Another day lost in space. This clearing out business is taking a lot longer than I
thought. Yesterday I came across a box of tapes and couldn’t resist looking
through them. I haven’t owned a cassette player since 1998 and some of the tapes unravel as soon as I put them into the machine. Let me tell you,
nothing except perhaps smell, transports you back in time as fast as music. You
only have to see that movie “Alive Inside” in which virtually catatonic
Alzheimer’s sufferers in homes for the aged were reanimated by the sound of
music from their heyday. The transformations were positively miraculous.
The first tapes to see the light of day again were those of music from the 20's, 30's and forties.We still have the original LPs of these somewhere too, but haven't been able to play those since the early '80s.

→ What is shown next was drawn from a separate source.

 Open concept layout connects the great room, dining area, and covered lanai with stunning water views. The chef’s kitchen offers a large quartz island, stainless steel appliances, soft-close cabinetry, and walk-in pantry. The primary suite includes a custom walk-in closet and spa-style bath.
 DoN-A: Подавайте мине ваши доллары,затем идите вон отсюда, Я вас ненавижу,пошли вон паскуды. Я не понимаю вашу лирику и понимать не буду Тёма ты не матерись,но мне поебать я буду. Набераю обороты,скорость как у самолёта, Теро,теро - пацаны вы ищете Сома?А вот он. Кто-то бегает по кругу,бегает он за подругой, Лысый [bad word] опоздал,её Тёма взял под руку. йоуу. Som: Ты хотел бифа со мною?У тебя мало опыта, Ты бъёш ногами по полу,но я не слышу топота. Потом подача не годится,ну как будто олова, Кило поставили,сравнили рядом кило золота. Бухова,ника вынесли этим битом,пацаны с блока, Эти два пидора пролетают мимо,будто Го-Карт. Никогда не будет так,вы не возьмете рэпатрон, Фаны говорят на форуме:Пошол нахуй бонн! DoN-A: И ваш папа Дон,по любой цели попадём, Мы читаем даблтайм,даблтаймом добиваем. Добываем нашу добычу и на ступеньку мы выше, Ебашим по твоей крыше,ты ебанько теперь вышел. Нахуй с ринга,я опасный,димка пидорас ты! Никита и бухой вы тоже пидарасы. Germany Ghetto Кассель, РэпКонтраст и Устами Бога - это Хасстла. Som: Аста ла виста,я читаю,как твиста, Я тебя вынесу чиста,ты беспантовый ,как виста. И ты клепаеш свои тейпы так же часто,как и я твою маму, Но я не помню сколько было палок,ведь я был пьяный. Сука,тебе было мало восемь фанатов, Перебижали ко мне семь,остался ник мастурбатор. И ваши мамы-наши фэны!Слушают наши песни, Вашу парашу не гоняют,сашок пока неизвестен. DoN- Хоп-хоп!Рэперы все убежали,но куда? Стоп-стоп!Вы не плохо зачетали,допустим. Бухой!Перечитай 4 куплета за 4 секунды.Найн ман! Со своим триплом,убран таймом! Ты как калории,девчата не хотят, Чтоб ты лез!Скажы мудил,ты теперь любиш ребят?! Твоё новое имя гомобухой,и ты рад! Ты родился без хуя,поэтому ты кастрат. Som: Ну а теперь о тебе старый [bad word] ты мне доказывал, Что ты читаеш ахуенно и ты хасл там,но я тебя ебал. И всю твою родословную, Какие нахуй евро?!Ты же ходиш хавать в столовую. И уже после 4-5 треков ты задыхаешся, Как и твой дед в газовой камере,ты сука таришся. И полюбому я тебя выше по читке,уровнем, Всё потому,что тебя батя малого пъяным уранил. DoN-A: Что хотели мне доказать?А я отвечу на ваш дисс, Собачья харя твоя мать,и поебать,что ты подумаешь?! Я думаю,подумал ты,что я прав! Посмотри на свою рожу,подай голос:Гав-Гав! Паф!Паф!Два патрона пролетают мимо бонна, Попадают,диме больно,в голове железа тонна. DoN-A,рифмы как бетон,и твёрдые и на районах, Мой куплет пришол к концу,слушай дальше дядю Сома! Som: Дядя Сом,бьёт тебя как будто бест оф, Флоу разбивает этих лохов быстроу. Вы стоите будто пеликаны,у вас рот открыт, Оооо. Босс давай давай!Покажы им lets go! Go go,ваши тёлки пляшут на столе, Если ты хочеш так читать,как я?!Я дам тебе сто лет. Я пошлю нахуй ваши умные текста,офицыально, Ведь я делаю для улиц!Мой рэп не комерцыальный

I used to play the tapes as background music in the tearoom I had and it was not unusual to have people shed a tear or two when Vera Lynn came on singing “The White
Cliffs of Dover” or Marlene Dietrich sang “Lilli Marlene.”
The Palm Court Orchestra music which used to be played at tea dances, also dates from this era. It too stirred memories among the guests of happy times,
young romance and daring Tango displays. When I hear this tape I want to go out and buy aspidistras. As I listen I get a warm glow thinking of all those people who passed through the tea room doors, but am a bit sad too that I have
lost touch with most of them and that so many are no longer here. There were some wonderful characters - the geos, the Ulysses Motor Cycle Club, the cyclists, and especially the musicians -Patrick Byrne, the Francezza Chamber Group, the man from Gormy (Andrew?) who played guitar on weekends, The Bush Turkeys, the very naughty and prolific Kevin (Bloody) Wilson., even those who just stopped by and played on our honky - tonk piano....the list goes on.

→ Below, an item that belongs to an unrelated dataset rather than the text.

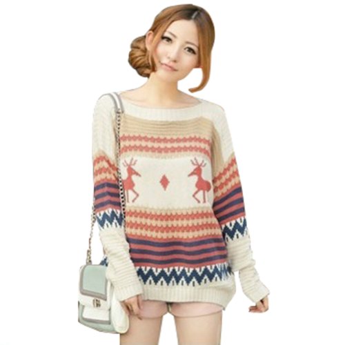 Luckshop2012 Tricot pour femme Pull Pull Top col rond manches longues de Noël (Beige)

The next group of tapes belong to another previous life - a sort of spiritual quest which predated the tea room –
Meditation music, New Age Music, New World Music. Some of these tapes are still
very relaxing so I spend several frustrating days converting them to MP3 files, which wasn't very relaxing at all. Now I
am up/ back to the sixties and seventies. “Nights in White Satin” (Moody Blues) still
sends a shiver down my spine, just like it did then, when the Baby Boomers
emerged as a force to be reckoned with. This era is bracketed at one end by
“The Beatles,” though we were more into Folk music then, the more irreverent
“Stones,” Bob Dylan and “Hair.”
“Hair” the musical which celebrated its 45th Anniversary back in 2009, had a special place in my life for two reasons. Not only did it mark a turning -point in my personal life – it was as if I awoke to a wider world at that moment, it also transformed the society around it. Until then, Australia had particularly narrow forms of censorship, a coy - snicker -behind -the -shelter -shed attitude to the body and sex, no awareness at all about resisting prevailing social pressures, or effecting political change. Until Sir Robert Menzies resigned as Prime Minister in 1966, I didn’t even know that it was possible to have a different one, since he had been there all my life. (I also thought they needed much gravitas and bushy eyebrows like news readers, but that's another story). I will never forget the excitement of that night when we drove from Melbourne to Sydney to see the show with its full frontal nudity, forbidden swear words and all, though it probably wouldn’t raise an eyebrow today.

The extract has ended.